QUEM TEM CONTATINHOS É AGENDA


Sinto-me desajustada nesse mundo onde predominam “crushes”, “contatinhos” e “ficantes”, novas patentes amorosas que definem relações frívolas e voláteis. Sou uma estranha nesse ninho, ou melhor, nessa aldeia global. No imperativo dessa reconfiguração pós- moderna, que prima por relacionamentos instantâneos, fugazes, frios e impessoais estou realmente “fora da casinha”. O que me espanta é que por trás disso existe uma indústria que fomenta e alimenta esse desvínculo. Como podemos achar “normal” o fato de a gente ter contato físico ou sexual, trocar carícias e fluidos com uma pessoa e simplesmente ignorá-la horas depois. Descartá- la como um lenço de papel? Nem um “olá” no dia seguinte, um “bom dia” ou uma mensagem fofa. No meu código de ética isso se chama consideração. Podem me rotular de antiquada. Sou dessas! Sim, posso estar fora dessa nova ordem. Mas prefiro realmente ficar à margem a compactuar com essa falta de compromisso, leia-se compromisso: respeito. Respeito pelo outro, pelo que viveram juntos, mesmo que a vivência tenha durado apenas algumas horas ou uma noite, não importa. Houve envolvimento e nesse jogo é muito difícil alguém sair sem nenhuma expectativa.
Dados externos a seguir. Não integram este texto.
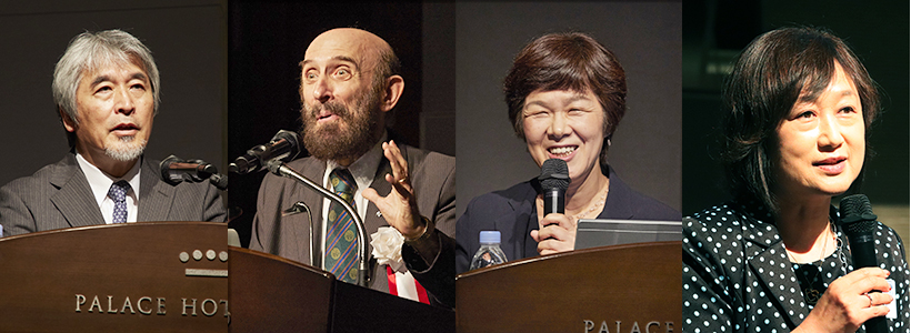左から、挨拶する山極総長、講演するベッカー特任教授、講演する田村教授、パネルディカッションを進行する桑原理事補

Claro que ninguém é obrigado a manter um relacionamento se esse não é seu desejo, mas as coisas precisam ficar claras para ambos. Deixar o outro no vácuo é covardia. Desaparecer, não entrar em contato, não mandar sinal de fumaça, expressa sim uma comunicação, só que dúbia: desinteresse ou jogo de sedução (para valorizar o passe), fazendo-se de “difícil”. As duas situações são lamentáveis a meu ver. Fazer joguinhos reflete uma absurda imaturidade emocional. Geralmente são pessoas inseguras, narcisistas que preferem colecionar aventuras amorosas (para se autoafirmarem) a terem relacionamentos felizes e duradouros, até porque são incapazes de mantê-los, pois são superficiais e autocentradas. Pessoas empoderadas e maduras sabem o que querem. Gostam de expressar o que sentem, sem medo de serem diminuídas em seu valor. O que se sente precisa ser dito ( não leve para o túmulo). Se o outro te faz bem, ele precisa saber, é dessa forma que as relações são construídas. Não tenha vergonha, receio ou medo da rejeição. Se expresse! A fala é a linguagem perfeita para se manter ou quebrar vínculos. As palavras ternas e sinceras criam fortes conexões e relacionamentos consistentes. Elas se acomodam no coração, até dos mais insensíveis.